→ SUPPLIED RECORDS

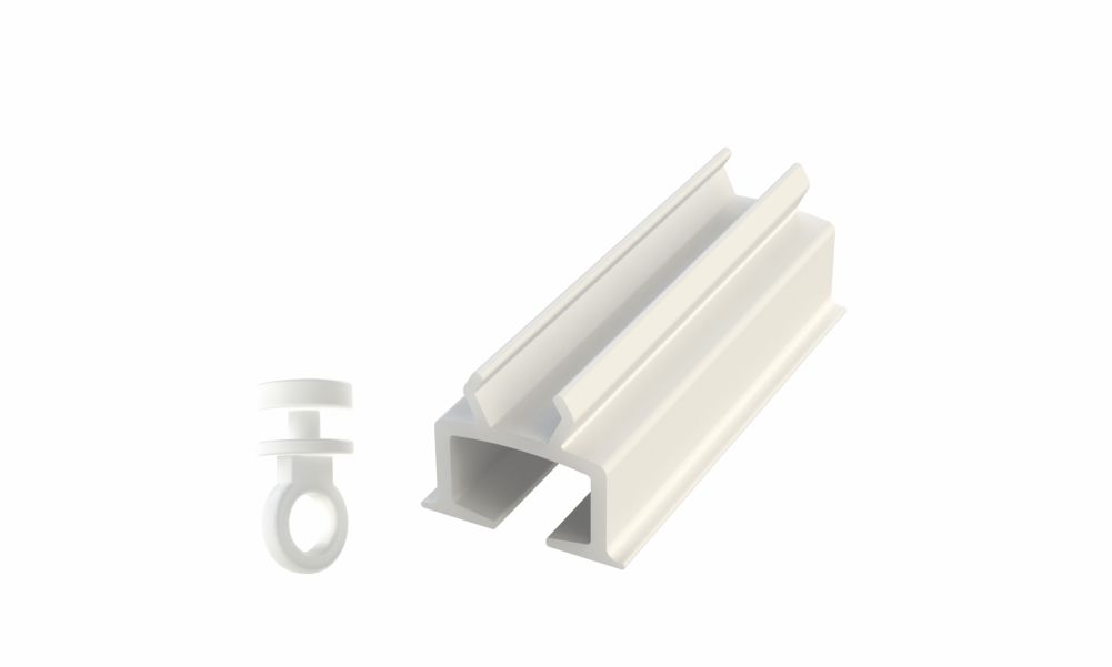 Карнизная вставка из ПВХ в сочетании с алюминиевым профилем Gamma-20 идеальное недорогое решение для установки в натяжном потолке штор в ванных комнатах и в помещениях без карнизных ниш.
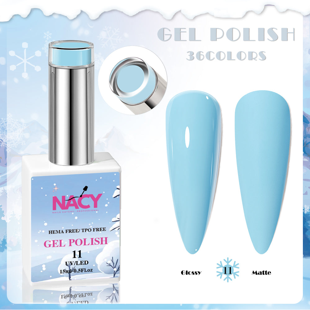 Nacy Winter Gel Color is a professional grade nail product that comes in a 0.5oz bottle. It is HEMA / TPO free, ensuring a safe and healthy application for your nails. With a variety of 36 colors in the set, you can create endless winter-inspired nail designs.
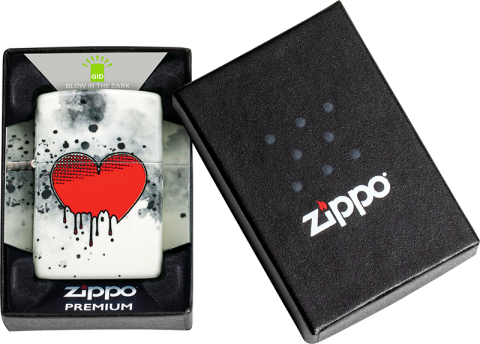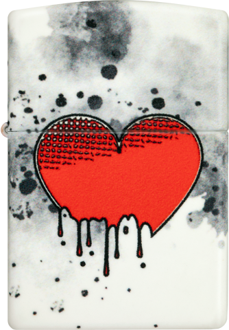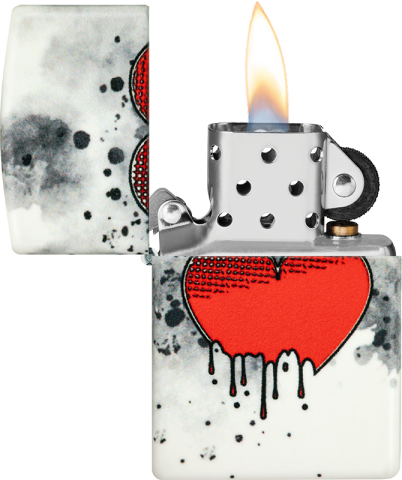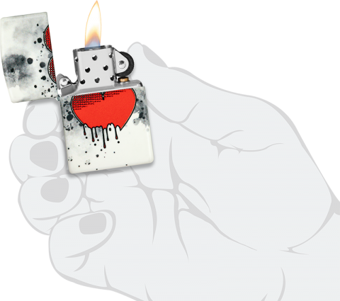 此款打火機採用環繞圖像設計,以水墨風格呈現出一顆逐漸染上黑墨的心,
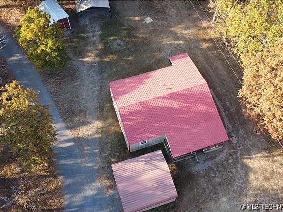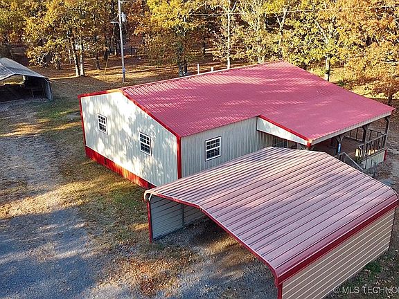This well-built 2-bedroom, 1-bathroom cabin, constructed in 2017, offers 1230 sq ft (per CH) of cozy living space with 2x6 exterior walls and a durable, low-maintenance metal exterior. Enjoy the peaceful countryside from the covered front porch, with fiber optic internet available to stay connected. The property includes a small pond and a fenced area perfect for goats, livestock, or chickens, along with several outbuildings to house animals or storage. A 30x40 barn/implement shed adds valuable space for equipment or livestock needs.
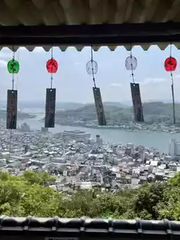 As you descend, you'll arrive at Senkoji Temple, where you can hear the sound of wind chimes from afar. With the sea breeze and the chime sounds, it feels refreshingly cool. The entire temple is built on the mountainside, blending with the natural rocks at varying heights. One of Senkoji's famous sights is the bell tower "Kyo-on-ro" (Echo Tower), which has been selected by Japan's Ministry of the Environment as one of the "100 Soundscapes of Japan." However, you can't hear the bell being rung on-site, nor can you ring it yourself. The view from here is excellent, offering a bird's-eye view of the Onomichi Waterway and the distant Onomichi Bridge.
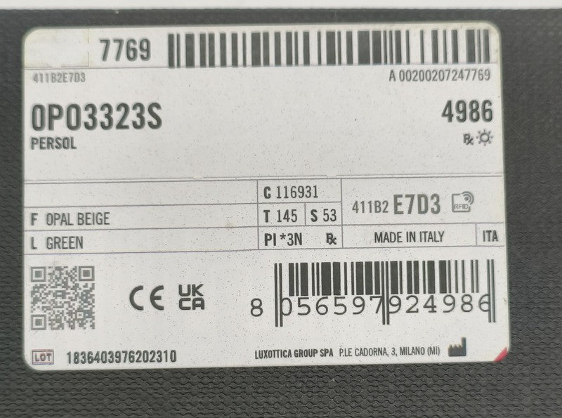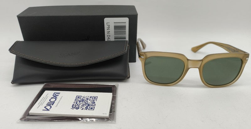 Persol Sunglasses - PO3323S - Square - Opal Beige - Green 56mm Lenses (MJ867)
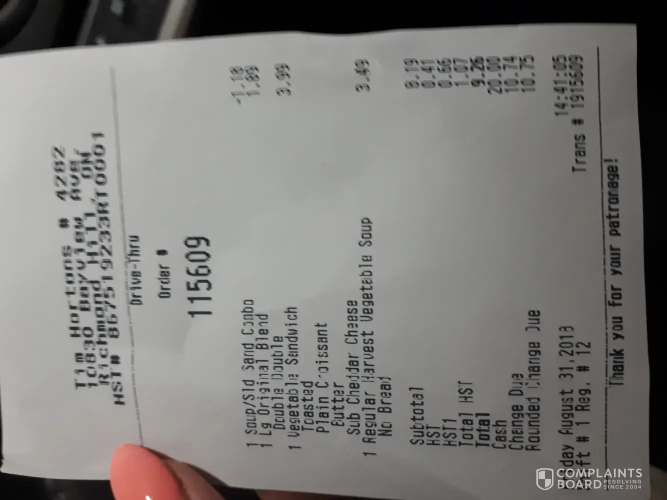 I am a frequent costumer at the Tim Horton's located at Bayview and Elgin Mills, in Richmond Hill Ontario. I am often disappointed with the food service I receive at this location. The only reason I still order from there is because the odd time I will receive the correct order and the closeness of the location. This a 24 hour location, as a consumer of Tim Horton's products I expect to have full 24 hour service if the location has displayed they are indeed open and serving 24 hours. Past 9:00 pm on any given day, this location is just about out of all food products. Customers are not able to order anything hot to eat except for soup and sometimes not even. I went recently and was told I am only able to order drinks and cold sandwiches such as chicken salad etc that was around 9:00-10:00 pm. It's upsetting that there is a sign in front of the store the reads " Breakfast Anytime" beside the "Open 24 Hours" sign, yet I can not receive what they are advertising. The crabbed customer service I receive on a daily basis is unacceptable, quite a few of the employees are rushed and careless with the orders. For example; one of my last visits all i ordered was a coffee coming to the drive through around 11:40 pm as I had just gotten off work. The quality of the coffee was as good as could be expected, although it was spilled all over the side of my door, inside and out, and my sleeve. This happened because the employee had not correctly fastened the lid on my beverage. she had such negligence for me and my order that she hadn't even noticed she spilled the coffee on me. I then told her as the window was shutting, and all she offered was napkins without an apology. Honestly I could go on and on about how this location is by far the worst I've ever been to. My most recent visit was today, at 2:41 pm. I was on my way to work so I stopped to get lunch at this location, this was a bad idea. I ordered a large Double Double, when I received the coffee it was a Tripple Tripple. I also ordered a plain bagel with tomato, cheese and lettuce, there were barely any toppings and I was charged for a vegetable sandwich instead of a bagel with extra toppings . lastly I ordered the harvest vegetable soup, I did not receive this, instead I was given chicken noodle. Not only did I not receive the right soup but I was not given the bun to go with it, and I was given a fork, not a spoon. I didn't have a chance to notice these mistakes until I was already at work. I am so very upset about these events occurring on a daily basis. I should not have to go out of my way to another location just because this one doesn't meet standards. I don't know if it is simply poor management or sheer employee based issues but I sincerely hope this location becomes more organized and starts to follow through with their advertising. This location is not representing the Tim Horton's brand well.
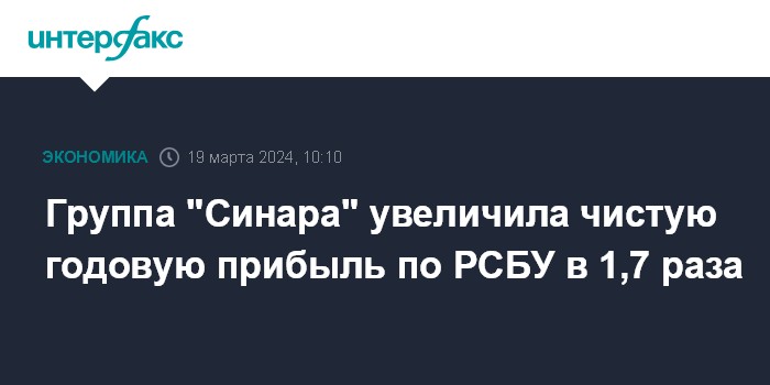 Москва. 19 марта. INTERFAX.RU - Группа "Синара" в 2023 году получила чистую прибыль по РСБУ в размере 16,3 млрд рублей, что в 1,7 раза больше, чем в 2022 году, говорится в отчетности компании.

---

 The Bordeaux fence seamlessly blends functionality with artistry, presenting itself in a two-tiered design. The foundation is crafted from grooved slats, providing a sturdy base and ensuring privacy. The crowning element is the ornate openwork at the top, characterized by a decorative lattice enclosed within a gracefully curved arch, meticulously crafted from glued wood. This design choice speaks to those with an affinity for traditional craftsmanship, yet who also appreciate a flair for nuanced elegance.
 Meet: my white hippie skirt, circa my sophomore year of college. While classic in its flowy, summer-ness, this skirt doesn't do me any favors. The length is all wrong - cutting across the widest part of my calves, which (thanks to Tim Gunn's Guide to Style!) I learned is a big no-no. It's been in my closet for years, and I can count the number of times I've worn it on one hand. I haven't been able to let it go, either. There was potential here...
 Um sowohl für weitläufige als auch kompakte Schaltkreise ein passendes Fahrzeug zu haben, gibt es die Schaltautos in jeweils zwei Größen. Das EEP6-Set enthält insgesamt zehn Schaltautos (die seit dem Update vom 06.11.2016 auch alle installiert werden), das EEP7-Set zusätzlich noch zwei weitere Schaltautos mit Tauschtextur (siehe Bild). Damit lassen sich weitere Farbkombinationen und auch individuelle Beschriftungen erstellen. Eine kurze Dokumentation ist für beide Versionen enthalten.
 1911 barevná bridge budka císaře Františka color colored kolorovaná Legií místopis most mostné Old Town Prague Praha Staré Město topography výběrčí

* * *

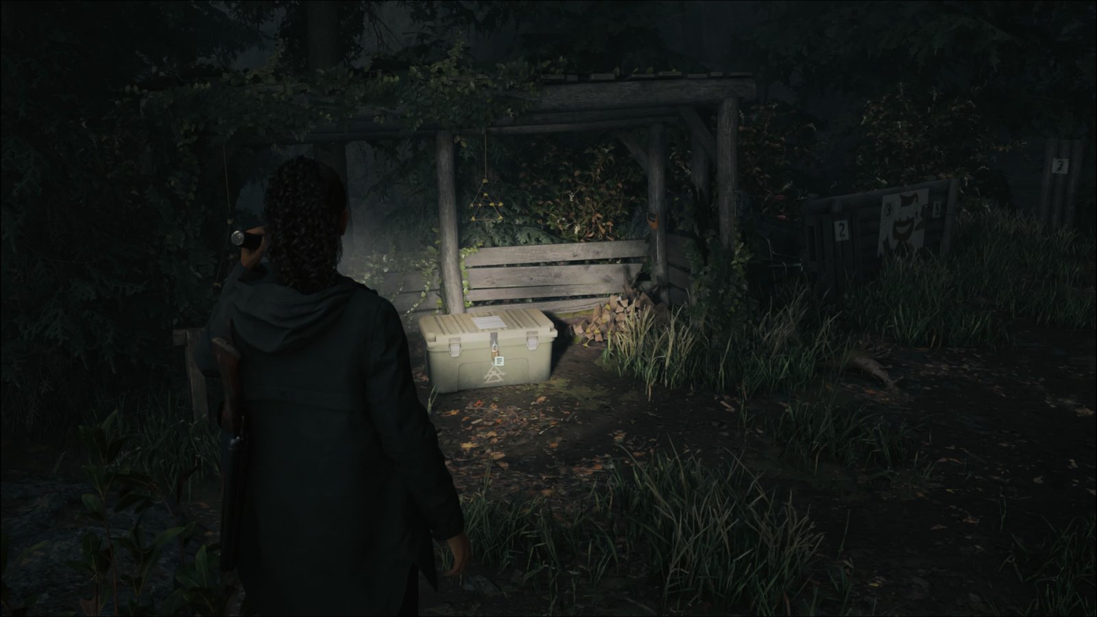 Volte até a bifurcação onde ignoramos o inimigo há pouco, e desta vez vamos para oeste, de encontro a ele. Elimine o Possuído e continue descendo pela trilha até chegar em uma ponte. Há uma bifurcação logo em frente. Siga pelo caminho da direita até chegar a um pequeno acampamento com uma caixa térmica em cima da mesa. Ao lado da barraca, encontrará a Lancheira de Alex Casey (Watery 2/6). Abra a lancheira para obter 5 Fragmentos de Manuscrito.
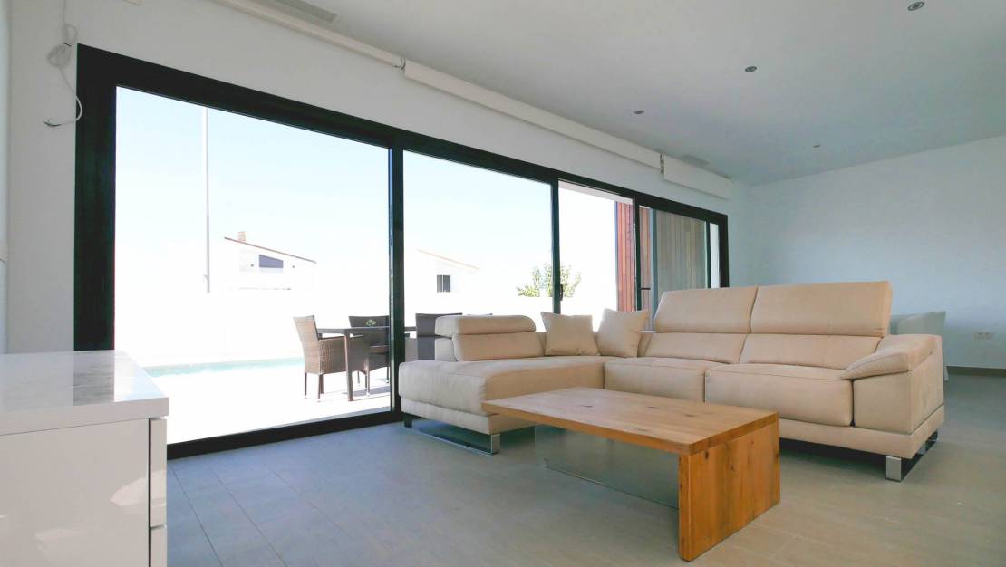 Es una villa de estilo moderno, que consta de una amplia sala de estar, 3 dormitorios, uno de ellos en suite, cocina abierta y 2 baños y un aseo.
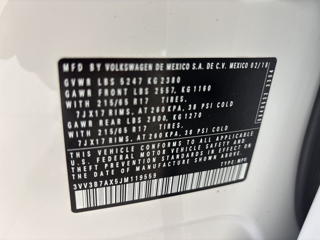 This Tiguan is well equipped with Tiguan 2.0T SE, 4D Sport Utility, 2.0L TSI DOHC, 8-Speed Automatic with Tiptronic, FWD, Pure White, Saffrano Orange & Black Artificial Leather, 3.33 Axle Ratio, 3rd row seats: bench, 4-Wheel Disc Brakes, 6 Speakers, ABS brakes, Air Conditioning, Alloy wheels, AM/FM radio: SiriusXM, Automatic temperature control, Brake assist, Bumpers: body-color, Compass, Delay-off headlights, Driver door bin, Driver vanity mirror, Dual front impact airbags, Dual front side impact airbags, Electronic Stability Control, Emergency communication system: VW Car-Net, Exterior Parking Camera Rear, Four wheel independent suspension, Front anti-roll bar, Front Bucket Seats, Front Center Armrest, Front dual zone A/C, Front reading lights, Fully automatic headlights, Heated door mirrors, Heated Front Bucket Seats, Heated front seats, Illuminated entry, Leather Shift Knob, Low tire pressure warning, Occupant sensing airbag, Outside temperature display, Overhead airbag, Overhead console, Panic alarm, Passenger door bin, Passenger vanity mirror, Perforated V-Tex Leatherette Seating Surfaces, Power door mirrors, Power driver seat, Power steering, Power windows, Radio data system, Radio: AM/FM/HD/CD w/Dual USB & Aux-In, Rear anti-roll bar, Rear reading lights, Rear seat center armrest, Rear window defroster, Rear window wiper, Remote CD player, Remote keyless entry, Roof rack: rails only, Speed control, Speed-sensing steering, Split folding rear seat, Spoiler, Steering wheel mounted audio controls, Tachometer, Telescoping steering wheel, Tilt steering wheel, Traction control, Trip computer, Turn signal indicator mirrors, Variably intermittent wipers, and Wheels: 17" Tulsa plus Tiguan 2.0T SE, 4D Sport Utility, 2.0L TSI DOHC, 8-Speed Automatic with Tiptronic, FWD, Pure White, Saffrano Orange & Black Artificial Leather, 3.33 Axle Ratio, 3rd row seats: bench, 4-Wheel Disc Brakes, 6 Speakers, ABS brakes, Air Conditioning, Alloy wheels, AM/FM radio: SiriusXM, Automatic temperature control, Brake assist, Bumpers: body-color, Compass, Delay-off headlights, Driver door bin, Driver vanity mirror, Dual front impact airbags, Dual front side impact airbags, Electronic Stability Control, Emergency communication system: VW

→ WHAT TO WORK ON
Above is the material; set down exactly its lines from the one containing "Volte até a" down to the one containing "Es una villa", both included, leaving out any pictures.

→ RESPONSE
 Volte até a bifurcação onde ignoramos o inimigo há pouco, e desta vez vamos para oeste, de encontro a ele. Elimine o Possuído e continue descendo pela trilha até chegar em uma ponte. Há uma bifurcação logo em frente. Siga pelo caminho da direita até chegar a um pequeno acampamento com uma caixa térmica em cima da mesa. Ao lado da barraca, encontrará a Lancheira de Alex Casey (Watery 2/6). Abra a lancheira para obter 5 Fragmentos de Manuscrito.
 Es una villa de estilo moderno, que consta de una amplia sala de estar, 3 dormitorios, uno de ellos en suite, cocina abierta y 2 baños y un aseo.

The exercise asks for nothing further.